Wouldn't trade my Alum. cart for anything (Fish-n-Mate® jr.)
$150.00 Try and buy these large low pressure tires and wheels in lowes, but maybe you never go off the pier.  My 5 cents


----------



## Sandcrab (Mar 20, 2002)

oldsalt said:


> *Wouldn't trade my Alum. cart for anything (Fish-n-Mate® jr.)
> $150.00 Try and buy these large low pressure tires and wheels in lowes, but maybe you never go off the pier.  My 5 cents *


Me too! I have the Fish-n-Mate Sr and it is worth every penny! Ask Hat about the time fishing at PLO when his cart broke down on the way out. We picked up his entire cart (with all his stuff on it) and put in on top of my cart (with all my stuff - 6 rods, 2 coolers, tackle box, chair, rain gear, etc.) and lugged it down the pier....All with one hand and without breaking a sweat!


----------



## Digger (Jan 4, 2000)

Everyone will have different idea's as to what is a rip off. Since alot of tackle is regional many chain stores will have improper tackle for a local area(this I think is a rip off combined with national advertising which is not localized making it misleading). This is a bigger problem with saltwater than freshwater(still a problem though).
As far as those carts, I think they are great since they hold alot and work well on piers and sand; with the plus of surviving the saltwater. I want one of them this year and a new Heaver.

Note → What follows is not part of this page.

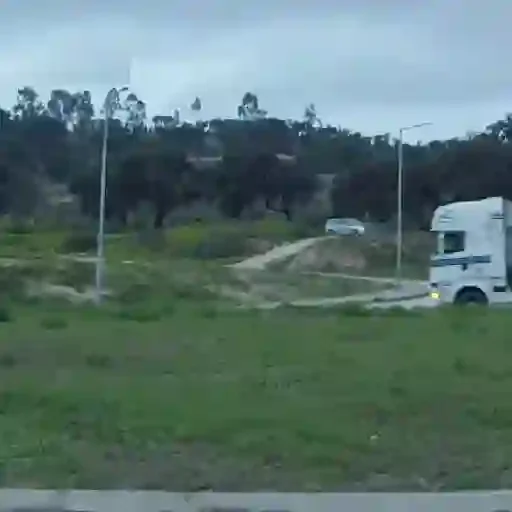 Um veículo branco em uma estrada ao lado de uma área gramada com árvores e céu nublado ao fundo.

I need some overtime.


----------



## Drumdum (Jan 6, 2003)

*Rainshadow 1509*

One of the best sticks made,raffling one off for "a most excellent cause"(keeping OBX beaches open through OBPA),if you are interested,Digger..  

$5 a pop for a chance at a rod like that with a sl 30,is no ripoff,flouro carbon is though......


----------



## Digger (Jan 4, 2000)

I can probably scrap together some money for the tickets.


----------



## joeturse (Apr 26, 2003)

Don't know if you can consider this a ripoff, as I really like to fish IBSP,but $195.oo for a buggy permit. 
A $70.00 dollar increase.

Joe


----------



## Drumdum (Jan 6, 2003)

joeturse said:


> *Don't know if you can consider this a ripoff, as I really like to fish IBSP,but $195.oo for a buggy permit.
> A $70.00 dollar increase.
> 
> Joe *


 We would gladly pay a fee here in OBX,as long as they gauranteed us they weren't going to "chisle off" anymore of our beach..  That's why we are all behind the OBPA so much down here.. 

Digger,check out NC board for details..


----------